Timeline and Expectations

The timeline for seeing weight loss results with 16/8 intermittent fasting can vary depending on individual factors. However, many individuals usually experience noticeable changes within a few weeks to a couple of months. Here is a general outline:

Weeks 1-2:

During the initial phase, your body adapts to the new eating pattern. You may notice some initial weight loss due to a reduction in water weight and glycogen stores.

Weeks 3-4:

As your body adjusts to the fasting schedule, you may start experiencing more consistent weight loss. Fat burning becomes more prominent, leading to a reduction in body fat percentage.

Months 2 and beyond:

With continued adherence to the 16/8 intermittent fasting method, you can expect steady weight loss. Over time, you may notice improvements in body composition, higher energy levels, and other health benefits associated with weight loss.

It's important to note that everyone's weight loss journey is unique, and individual results may vary. Factors such as genetics, age, and overall health can influence the rate of weight loss.

Conclusion of 16/8 Intermittent Fasting 

16/8 intermittent fasting is a popular approach for weight loss, and the results can vary from person to person. By implementing the 16/8 method consistently and maintaining a calorie deficit, you can expect to see noticeable weight loss within a few weeks to a couple of months. However, it's important to remember that weight loss is a gradual process, and sustainable lifestyle changes are key to long-term success. As with any dietary change, it's advisable to consult with a healthcare professional or registered dietitian to ensure it aligns with your individual needs and goals.
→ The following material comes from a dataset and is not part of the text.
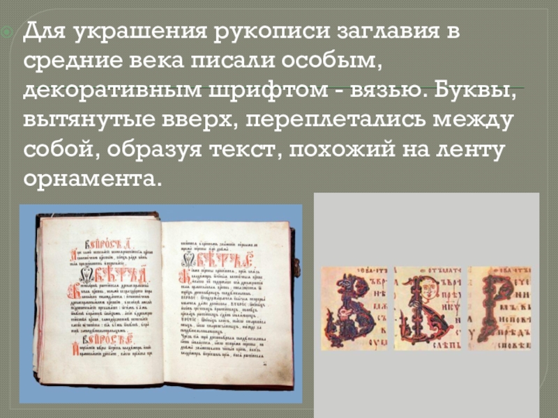 Слайд 5Для украшения рукописи заглавия в средние века писали особым, декоративным шрифтом

  1. "The effects of intermittent or continuous energy restriction on weight loss and metabolic disease risk markers: A randomized trial in young overweight women." International Journal of Obesity. []
  2. "Effects of Intermittent Fasting on Health, Aging, and Disease." The New England Journal of Medicine. []
  3. "Intermittent fasting: Surprising update." Harvard Health Publishing. []

Note: The sources provided are for informational purposes only, and it is always recommended to consult with a healthcare professional or registered dietitian for personalized advice and guidance on weight loss.